Repeat the listing below line by line, exactly, leaving its pictures behind.

[[ MATERIAL PROVIDED, beginning ]]

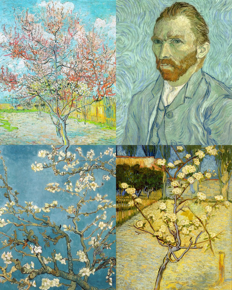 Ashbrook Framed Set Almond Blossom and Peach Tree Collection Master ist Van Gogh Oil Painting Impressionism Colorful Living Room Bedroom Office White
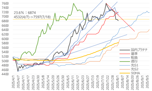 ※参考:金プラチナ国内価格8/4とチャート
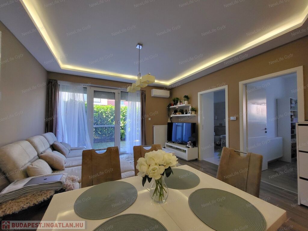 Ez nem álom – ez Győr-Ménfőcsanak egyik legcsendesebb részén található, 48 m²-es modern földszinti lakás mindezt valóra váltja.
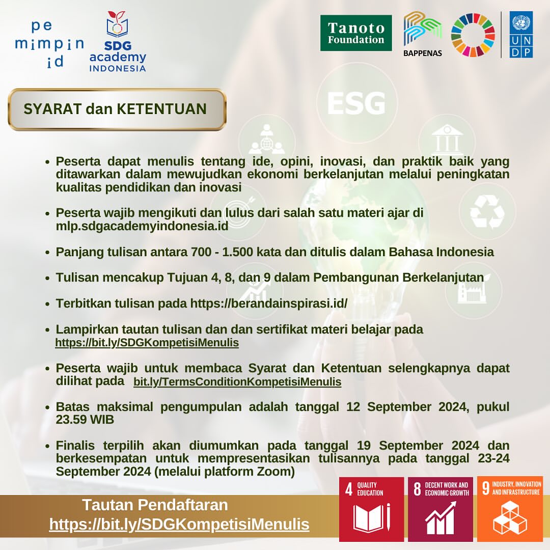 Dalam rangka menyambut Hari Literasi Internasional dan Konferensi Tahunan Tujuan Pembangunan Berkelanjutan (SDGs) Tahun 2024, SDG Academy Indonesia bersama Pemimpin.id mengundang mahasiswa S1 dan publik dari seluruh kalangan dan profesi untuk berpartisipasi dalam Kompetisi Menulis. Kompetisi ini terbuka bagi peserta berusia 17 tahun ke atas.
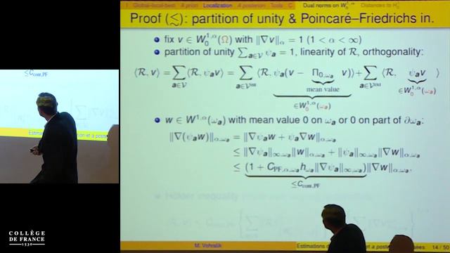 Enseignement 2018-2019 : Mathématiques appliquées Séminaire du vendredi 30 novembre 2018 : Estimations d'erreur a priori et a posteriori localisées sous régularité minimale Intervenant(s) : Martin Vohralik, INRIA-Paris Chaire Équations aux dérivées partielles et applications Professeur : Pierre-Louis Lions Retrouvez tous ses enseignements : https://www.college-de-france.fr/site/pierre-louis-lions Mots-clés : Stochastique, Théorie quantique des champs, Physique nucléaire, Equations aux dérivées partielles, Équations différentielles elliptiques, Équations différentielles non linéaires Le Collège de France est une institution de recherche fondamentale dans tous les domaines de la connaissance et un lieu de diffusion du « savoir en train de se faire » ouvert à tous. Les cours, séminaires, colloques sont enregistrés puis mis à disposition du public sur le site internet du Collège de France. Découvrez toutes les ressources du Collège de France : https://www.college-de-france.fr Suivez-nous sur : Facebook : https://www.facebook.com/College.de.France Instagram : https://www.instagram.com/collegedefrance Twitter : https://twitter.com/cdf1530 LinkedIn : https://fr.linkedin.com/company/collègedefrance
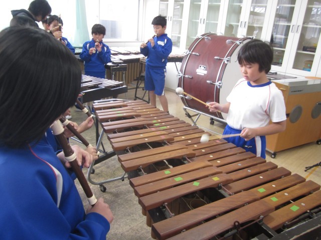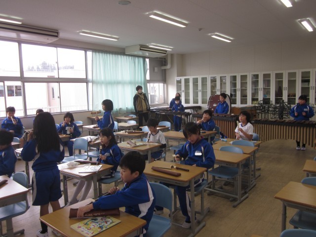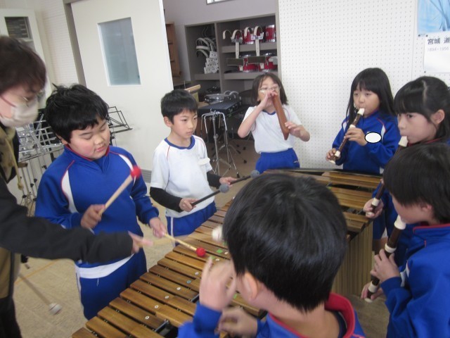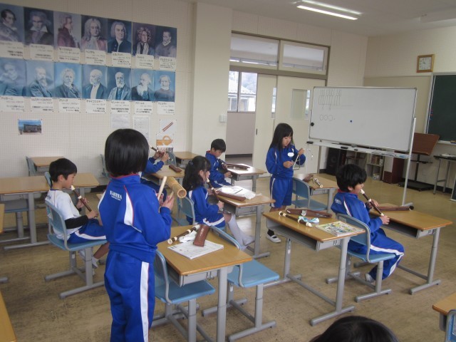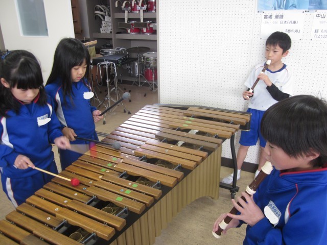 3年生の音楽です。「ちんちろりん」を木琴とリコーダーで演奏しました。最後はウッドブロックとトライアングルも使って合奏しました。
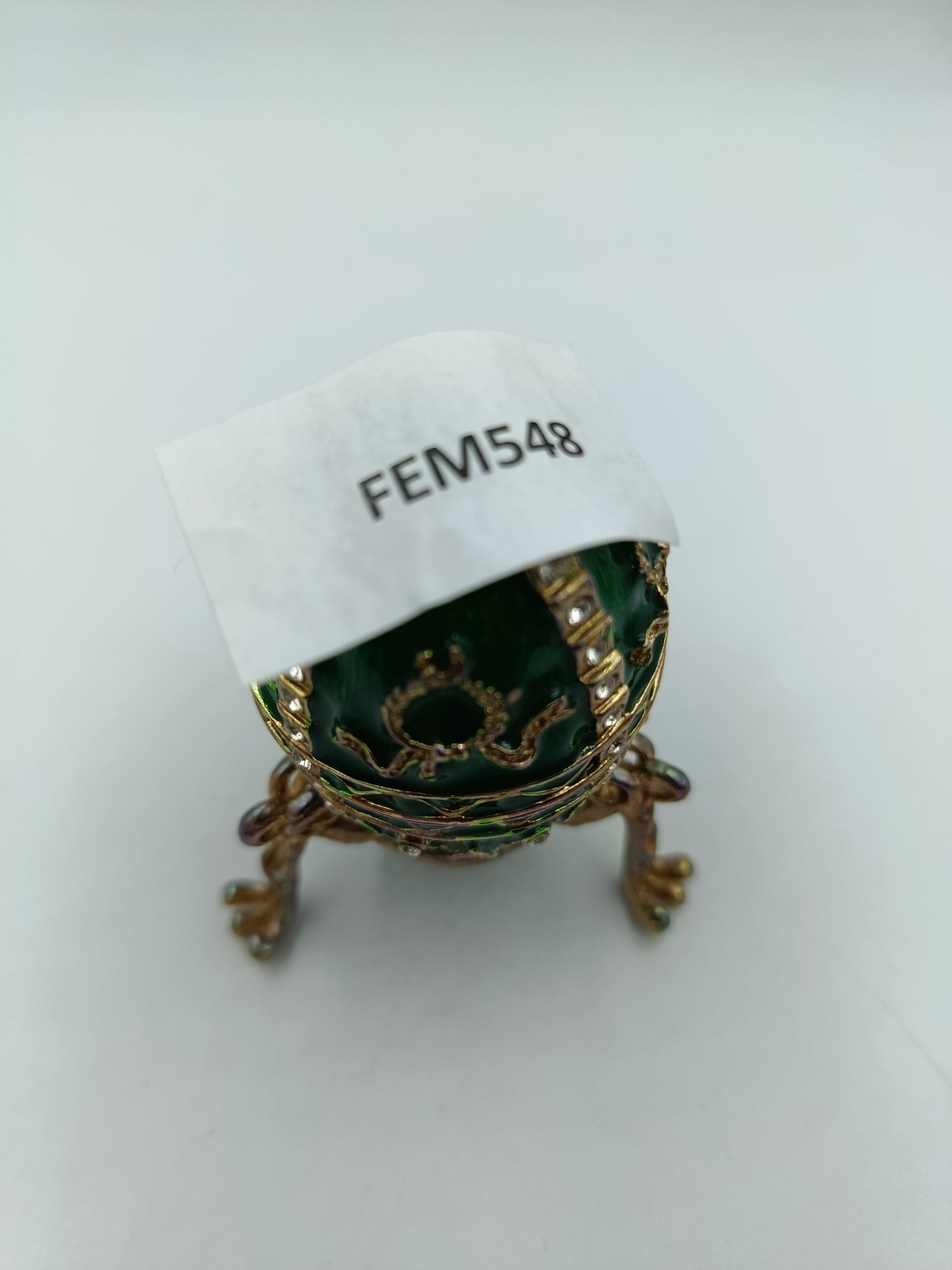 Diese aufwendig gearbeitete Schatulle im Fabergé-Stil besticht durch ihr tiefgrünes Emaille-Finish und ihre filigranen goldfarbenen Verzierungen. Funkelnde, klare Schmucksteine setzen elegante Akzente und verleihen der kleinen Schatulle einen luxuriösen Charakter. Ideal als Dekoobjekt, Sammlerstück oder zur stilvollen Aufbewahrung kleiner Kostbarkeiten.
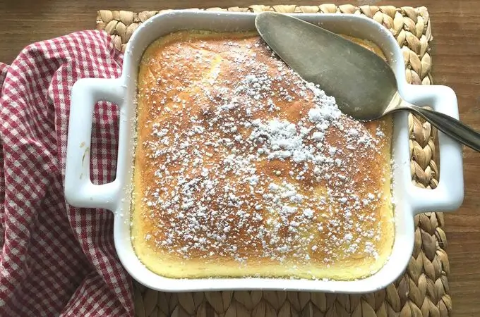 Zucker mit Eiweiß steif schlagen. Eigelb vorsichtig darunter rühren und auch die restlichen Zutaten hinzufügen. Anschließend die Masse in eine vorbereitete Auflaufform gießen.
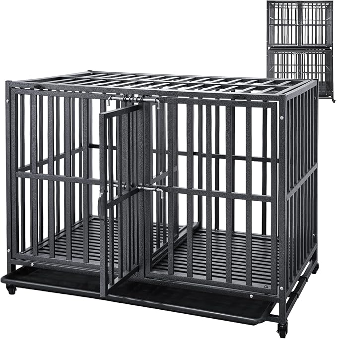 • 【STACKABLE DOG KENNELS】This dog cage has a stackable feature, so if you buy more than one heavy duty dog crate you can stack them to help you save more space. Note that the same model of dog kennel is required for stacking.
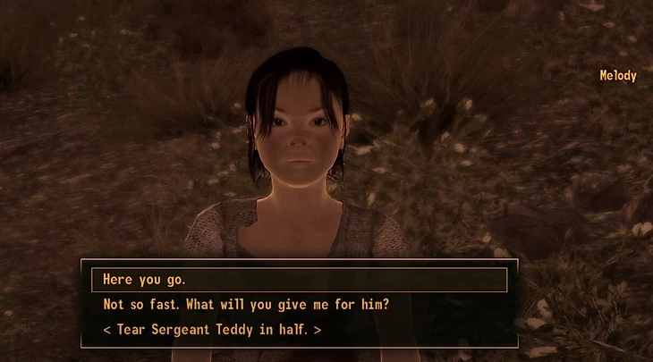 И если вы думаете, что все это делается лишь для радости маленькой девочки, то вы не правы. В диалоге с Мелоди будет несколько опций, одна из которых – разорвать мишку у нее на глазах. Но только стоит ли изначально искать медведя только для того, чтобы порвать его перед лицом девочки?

[[ MATERIAL PROVIDED, end ]]

■ **EXERCISE SOLUTION**
 Ashbrook Framed Set Almond Blossom and Peach Tree Collection Master ist Van Gogh Oil Painting Impressionism Colorful Living Room Bedroom Office White
 ※参考:金プラチナ国内価格8/4とチャート
 Ez nem álom – ez Győr-Ménfőcsanak egyik legcsendesebb részén található, 48 m²-es modern földszinti lakás mindezt valóra váltja.
 Dalam rangka menyambut Hari Literasi Internasional dan Konferensi Tahunan Tujuan Pembangunan Berkelanjutan (SDGs) Tahun 2024, SDG Academy Indonesia bersama Pemimpin.id mengundang mahasiswa S1 dan publik dari seluruh kalangan dan profesi untuk berpartisipasi dalam Kompetisi Menulis. Kompetisi ini terbuka bagi peserta berusia 17 tahun ke atas.
 Enseignement 2018-2019 : Mathématiques appliquées Séminaire du vendredi 30 novembre 2018 : Estimations d'erreur a priori et a posteriori localisées sous régularité minimale Intervenant(s) : Martin Vohralik, INRIA-Paris Chaire Équations aux dérivées partielles et applications Professeur : Pierre-Louis Lions Retrouvez tous ses enseignements : https://www.college-de-france.fr/site/pierre-louis-lions Mots-clés : Stochastique, Théorie quantique des champs, Physique nucléaire, Equations aux dérivées partielles, Équations différentielles elliptiques, Équations différentielles non linéaires Le Collège de France est une institution de recherche fondamentale dans tous les domaines de la connaissance et un lieu de diffusion du « savoir en train de se faire » ouvert à tous. Les cours, séminaires, colloques sont enregistrés puis mis à disposition du public sur le site internet du Collège de France. Découvrez toutes les ressources du Collège de France : https://www.college-de-france.fr Suivez-nous sur : Facebook : https://www.facebook.com/College.de.France Instagram : https://www.instagram.com/collegedefrance Twitter : https://twitter.com/cdf1530 LinkedIn : https://fr.linkedin.com/company/collègedefrance
 3年生の音楽です。「ちんちろりん」を木琴とリコーダーで演奏しました。最後はウッドブロックとトライアングルも使って合奏しました。
 Diese aufwendig gearbeitete Schatulle im Fabergé-Stil besticht durch ihr tiefgrünes Emaille-Finish und ihre filigranen goldfarbenen Verzierungen. Funkelnde, klare Schmucksteine setzen elegante Akzente und verleihen der kleinen Schatulle einen luxuriösen Charakter. Ideal als Dekoobjekt, Sammlerstück oder zur stilvollen Aufbewahrung kleiner Kostbarkeiten.
 Zucker mit Eiweiß steif schlagen. Eigelb vorsichtig darunter rühren und auch die restlichen Zutaten hinzufügen. Anschließend die Masse in eine vorbereitete Auflaufform gießen.
 • 【STACKABLE DOG KENNELS】This dog cage has a stackable feature, so if you buy more than one heavy duty dog crate you can stack them to help you save more space. Note that the same model of dog kennel is required for stacking.
 И если вы думаете, что все это делается лишь для радости маленькой девочки, то вы не правы. В диалоге с Мелоди будет несколько опций, одна из которых – разорвать мишку у нее на глазах. Но только стоит ли изначально искать медведя только для того, чтобы порвать его перед лицом девочки?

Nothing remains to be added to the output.